BIT columns take on the values 1 (true) or 0 (false).

PostgreSQL doesn't have BIT columns. The equivalent is Boolean.
The translator determines if a column is a BIT column and changes it to true or false as appropriate.

Note that MS Access uses Yes/No for a Boolean column, where negative 1 represents true and 0 represents false.
Don't know why Microsoft doesn't like the word "Boolean," or why they can't be consistent across their own products.

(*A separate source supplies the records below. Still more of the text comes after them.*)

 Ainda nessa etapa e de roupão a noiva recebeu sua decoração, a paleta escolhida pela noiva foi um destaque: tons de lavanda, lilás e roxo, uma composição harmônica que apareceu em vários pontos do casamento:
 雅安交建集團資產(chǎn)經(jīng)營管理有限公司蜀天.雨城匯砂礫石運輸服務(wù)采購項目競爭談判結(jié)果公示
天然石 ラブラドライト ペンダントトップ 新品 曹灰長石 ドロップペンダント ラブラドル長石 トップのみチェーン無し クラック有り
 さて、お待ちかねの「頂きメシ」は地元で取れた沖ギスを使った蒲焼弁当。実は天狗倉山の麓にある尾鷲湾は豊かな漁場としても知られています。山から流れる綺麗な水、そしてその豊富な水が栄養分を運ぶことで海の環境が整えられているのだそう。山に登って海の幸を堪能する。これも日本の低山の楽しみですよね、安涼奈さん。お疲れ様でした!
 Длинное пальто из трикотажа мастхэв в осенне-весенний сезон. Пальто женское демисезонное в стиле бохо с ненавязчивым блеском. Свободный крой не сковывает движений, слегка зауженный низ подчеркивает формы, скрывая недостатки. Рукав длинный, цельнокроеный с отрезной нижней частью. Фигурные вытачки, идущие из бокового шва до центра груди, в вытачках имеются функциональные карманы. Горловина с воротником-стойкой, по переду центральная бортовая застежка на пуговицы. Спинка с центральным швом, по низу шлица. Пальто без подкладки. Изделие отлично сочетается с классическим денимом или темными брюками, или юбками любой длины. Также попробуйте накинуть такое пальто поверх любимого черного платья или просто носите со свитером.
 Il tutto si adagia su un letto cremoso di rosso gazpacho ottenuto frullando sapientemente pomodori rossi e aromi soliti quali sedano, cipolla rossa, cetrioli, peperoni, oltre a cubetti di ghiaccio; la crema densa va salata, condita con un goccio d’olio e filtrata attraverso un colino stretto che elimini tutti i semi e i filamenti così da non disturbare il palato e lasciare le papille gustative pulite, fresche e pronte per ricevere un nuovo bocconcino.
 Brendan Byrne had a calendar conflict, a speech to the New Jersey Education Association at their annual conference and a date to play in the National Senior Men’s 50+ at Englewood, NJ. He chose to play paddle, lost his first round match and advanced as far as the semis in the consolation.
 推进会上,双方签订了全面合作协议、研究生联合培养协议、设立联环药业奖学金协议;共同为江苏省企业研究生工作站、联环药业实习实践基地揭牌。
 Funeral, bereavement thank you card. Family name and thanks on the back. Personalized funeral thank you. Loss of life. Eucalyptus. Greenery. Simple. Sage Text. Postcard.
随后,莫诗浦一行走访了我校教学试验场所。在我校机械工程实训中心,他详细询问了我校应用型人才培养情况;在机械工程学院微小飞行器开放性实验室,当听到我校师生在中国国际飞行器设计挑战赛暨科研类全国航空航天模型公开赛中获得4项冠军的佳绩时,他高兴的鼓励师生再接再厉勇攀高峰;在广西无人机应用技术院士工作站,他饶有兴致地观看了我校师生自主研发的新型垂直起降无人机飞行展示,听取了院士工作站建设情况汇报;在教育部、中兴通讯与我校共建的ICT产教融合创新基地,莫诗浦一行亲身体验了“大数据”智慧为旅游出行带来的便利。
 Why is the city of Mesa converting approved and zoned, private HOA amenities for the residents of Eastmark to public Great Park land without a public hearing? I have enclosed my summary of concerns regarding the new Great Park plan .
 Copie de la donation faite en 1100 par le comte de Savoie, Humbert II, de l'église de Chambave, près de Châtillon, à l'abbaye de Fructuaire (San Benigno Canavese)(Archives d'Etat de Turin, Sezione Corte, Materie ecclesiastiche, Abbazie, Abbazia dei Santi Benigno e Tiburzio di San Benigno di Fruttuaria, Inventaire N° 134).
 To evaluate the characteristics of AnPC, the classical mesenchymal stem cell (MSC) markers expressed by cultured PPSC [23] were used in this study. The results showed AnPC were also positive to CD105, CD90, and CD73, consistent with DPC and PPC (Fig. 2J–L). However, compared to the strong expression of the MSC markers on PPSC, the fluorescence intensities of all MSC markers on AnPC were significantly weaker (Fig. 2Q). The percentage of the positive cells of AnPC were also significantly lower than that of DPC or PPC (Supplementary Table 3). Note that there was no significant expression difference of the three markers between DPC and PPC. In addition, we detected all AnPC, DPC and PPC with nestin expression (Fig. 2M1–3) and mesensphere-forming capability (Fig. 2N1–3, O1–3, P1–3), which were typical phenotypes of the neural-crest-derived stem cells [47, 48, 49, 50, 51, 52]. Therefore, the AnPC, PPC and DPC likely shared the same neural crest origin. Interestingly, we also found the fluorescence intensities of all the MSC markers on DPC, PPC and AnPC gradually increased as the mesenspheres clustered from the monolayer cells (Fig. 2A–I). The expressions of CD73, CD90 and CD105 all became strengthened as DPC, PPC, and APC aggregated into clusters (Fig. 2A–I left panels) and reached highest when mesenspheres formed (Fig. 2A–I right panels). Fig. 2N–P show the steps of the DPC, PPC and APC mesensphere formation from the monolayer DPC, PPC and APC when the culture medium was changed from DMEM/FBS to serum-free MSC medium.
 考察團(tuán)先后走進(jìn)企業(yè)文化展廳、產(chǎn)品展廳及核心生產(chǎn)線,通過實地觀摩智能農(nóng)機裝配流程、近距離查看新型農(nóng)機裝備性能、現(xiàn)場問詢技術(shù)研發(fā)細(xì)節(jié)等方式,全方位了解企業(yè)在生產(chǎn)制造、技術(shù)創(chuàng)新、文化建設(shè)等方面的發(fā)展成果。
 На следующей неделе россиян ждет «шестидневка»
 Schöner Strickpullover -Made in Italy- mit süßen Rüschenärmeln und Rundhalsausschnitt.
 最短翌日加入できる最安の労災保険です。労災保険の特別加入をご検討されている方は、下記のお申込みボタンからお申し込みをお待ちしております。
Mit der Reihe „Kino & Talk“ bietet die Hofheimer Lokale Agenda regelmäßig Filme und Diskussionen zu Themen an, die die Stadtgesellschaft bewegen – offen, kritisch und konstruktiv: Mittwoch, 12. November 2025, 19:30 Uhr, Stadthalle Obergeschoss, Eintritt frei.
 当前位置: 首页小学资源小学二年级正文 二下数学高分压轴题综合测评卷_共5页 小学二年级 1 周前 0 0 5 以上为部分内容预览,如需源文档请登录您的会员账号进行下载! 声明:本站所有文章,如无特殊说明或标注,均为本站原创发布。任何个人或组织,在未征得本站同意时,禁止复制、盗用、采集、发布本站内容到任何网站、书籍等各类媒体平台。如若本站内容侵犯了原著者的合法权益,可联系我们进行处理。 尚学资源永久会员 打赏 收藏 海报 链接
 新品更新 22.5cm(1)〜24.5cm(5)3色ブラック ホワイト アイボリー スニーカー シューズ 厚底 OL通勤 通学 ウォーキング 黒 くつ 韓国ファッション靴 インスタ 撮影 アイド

CAST(N'2018-08-29T20:20:28.4733333' AS DateTime2),

'2018-08-29T20:20:28.4733333',

PostgreSQL doesn't have a DateTime2 type.
But casting isn't even necessary here.

N'Original 3.0 Migration ',

'Original 3.0 Migration ',

 

CAST(N'2021-01-15T13:31:32.2716512' AS DateTime2),

'2021-01-15T13:31:32.2716512',

 

N'SQL ETL'

'SQL ETL'

 

)

);

Semicolons are needed at the end of PostgreSQL statements.